When the poor one called out, the LORD heard,
and from all his distress he saved him.
The angel of the LORD encamps
around those who fear him, and delivers them.
Fear the LORD, you his holy ones,
for nought is lacking to those who fear him.
The great grow poor and hungry;
but those who seek the LORD want for no good thing.
Come, children, hear me;
I will teach you the fear of the LORD.
Which of you desires life,
and takes delight in prosperous days?
(Psalm 34:7-8, 10-11, 12-13)
34:7–10. Using a military metaphor and recalling the angel of the Lord who saved his forebears (cf. Gen 32:3; Ex 14:19–20), the psalmist proclaims that God continues to aid man (v. 7), and invites his listeners to taste God’s goodness for themselves by having recourse to him. The “young lions” (v.10): that is what the Hebrew says; the Greek translates it as “rich”; their fate is similarly described in the praise of God sung by the Blessed Virgin in the house of St Elizabeth: “the rich he has sent empty away” (Lk 1:53), a confirmation that God withdraws his grace from those who are self-sufficient, whereas he bestows it on the humble, and did so in an entirely exceptional way in the case of Mary.
34:11–14. To reinforce his invitation, the psalmist projects himself as a teacher of wisdom who instructs people on how to be good (v. 11; cf. Prov 1:8; 2:1; etc.). This is the only instance of this mode of writing in a psalm of praise. The teaching outlined in vv. 12–14 is adopted word for word in the first letter of St Peter when he exhorts Christians not to return evil for evil, but always to speak well of others (cf. 1 Pet 3:8–12). That is how those act who “seek peace” (v. 14) and whom our Lord calls “blessed” (Mt 5:9).
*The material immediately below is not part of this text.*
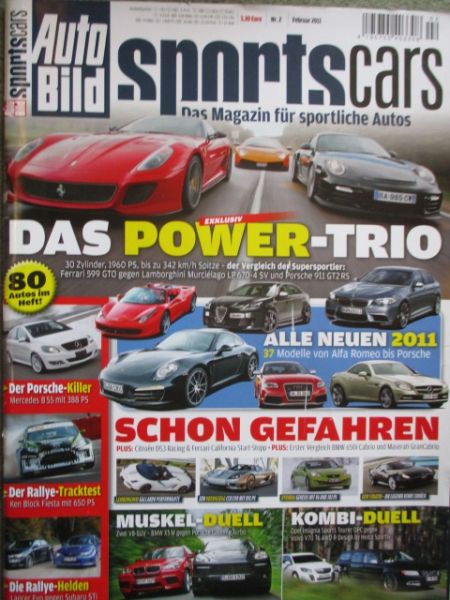 Auto Bild sportscars 2/2011 599GTO vs. 911 GT2 RS und Murcielago LP670-4 SV,Koenigsegg CCR Evolution,Gallardo Spyder CCR Evolution,Gallardo Spyder Performance,New Stratos,Seat Ibiza plus Je Design und Cupra,AC Schnitzer ACS3 2.0d cabrio,Väth CV25CGI,Fabia Combi RS, Lancer Evolution vs.WRX STi,Insignia Sports Tourer OPC vs. V70 T6 AWD by Heico Sportiv,Hyundai Genesis Coupé,Arile Atom V8,X5M Vs. Cayenne Turob, Ford Fiesta Gymkhana,Rieger Scirocco gestern/heute,gebrauchtes Heft.

The psalm holds the two dimensions together as essentials of biblical faith. Neither can be surrendered, because God is holy and loving. It is true that avoidance of evil and love of good makes for life. It is true that the LORD delivers the righteous who call on him in all of their troubles. Merit and need, reward and salvation are structures of the relation between God and human beings. Faith lives in terms of both without ever reaching an easy equivalence and leaves the working out of it all to God.
– James Mays
May the virtues of faith, hope, and love go with you today – DV.